**PROBLEM DESCRIPTION**
The required output consists solely of the lines from the line containing "buses in the UK" through the end of the records, copied exactly.

· · · · · · ·

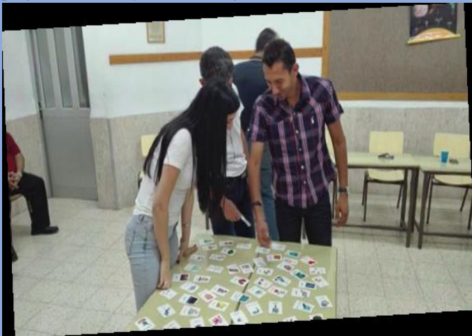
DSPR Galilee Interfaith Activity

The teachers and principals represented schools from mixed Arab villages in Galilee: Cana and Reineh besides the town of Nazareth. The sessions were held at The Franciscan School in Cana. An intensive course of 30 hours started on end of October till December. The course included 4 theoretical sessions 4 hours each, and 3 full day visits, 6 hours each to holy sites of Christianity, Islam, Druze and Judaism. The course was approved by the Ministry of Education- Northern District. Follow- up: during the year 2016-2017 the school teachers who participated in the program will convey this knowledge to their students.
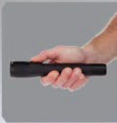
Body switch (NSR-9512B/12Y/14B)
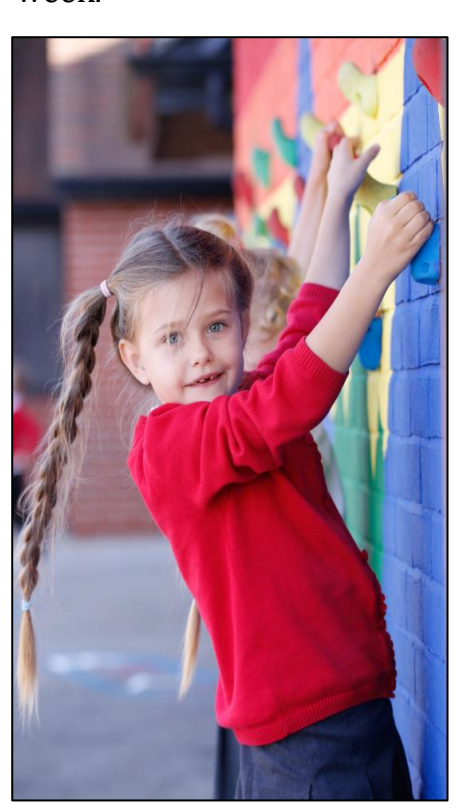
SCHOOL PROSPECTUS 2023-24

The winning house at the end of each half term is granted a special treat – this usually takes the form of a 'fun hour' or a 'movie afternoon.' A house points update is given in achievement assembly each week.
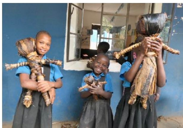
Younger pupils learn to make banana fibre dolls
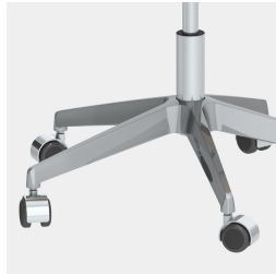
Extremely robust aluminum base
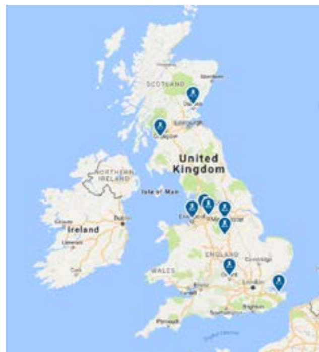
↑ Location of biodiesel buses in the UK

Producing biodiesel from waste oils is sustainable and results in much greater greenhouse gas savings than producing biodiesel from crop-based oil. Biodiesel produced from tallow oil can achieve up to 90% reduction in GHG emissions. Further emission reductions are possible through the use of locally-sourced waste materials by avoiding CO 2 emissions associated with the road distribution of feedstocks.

· · · · · · ·

**COMPLETED TASK**
↑ Location of biodiesel buses in the UK

Producing biodiesel from waste oils is sustainable and results in much greater greenhouse gas savings than producing biodiesel from crop-based oil. Biodiesel produced from tallow oil can achieve up to 90% reduction in GHG emissions. Further emission reductions are possible through the use of locally-sourced waste materials by avoiding CO 2 emissions associated with the road distribution of feedstocks.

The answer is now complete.